Question
An auditor discovered potential cutoff and valuation problems that may or may not require adjusting journal entries. The company uses a perpetual inventory accounting system.
An auditor discovered potential cutoff and valuation problems that may or may not require adjusting journal entries. The company uses a perpetual inventory accounting system. For each of the potential cutoff and valuation problems indicated below, complete the required journal entries. Round all amounts to the nearest dollar.
1) The company shipped merchandise valued at $100,000 F.O.B. destination on December 28, Year 3, and recorded the sale and relief of inventory on that date. The customer received the merchandise on January 4, Year 4. The merchandise has a profit margin of 20%. Record the necessary Year 3 adjustments, if any.
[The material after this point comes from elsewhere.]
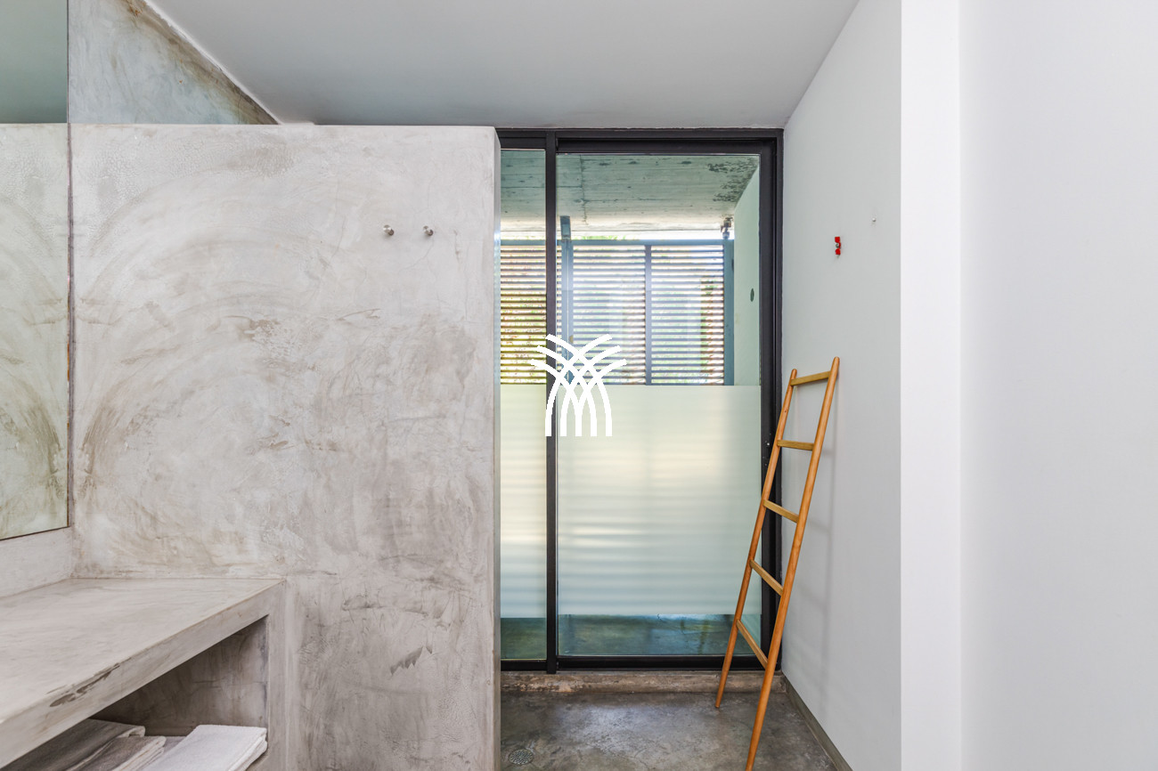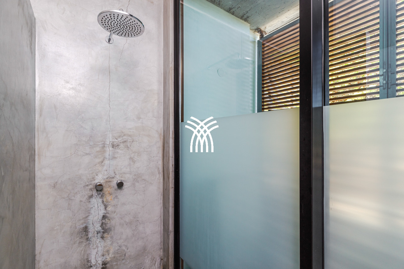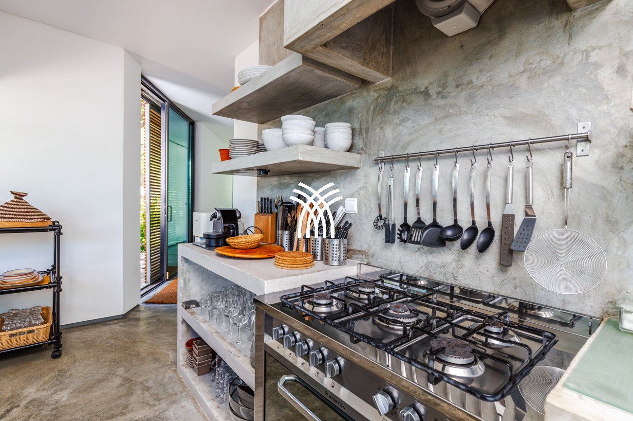 From the moment you enter, the villa reveals compact yet intelligently designed interiors that maximize space and light, enhanced by polished cement floors, high ceilings, and expansive floor-to-ceiling glass windows that blur the boundaries between inside and out. Air conditioning and mosquito nets ensure effortless comfort, while each bedroom opens directly onto the deck terrace or lush garden, creating a seamless dialogue with the surrounding landscape and inviting nature into everyday living.

2) The goods valued at $50,000 were shipped F.O.B. shipping point from a vendor on December 29, Year 3, and recorded in the company's books on the same date. The company received the inventory on January 5, Year 4. Record the necessary Year 3 adjustments, if any.
3) The year end inventory physical count found 10,000 inventory items with a historical cost of $5 per item. The market price per item at the year end was $4. Because the inventory was recorded in the books at the amount of $50,000, no journal entry was made by the company. Record the necessary Year 3 adjustments, if any.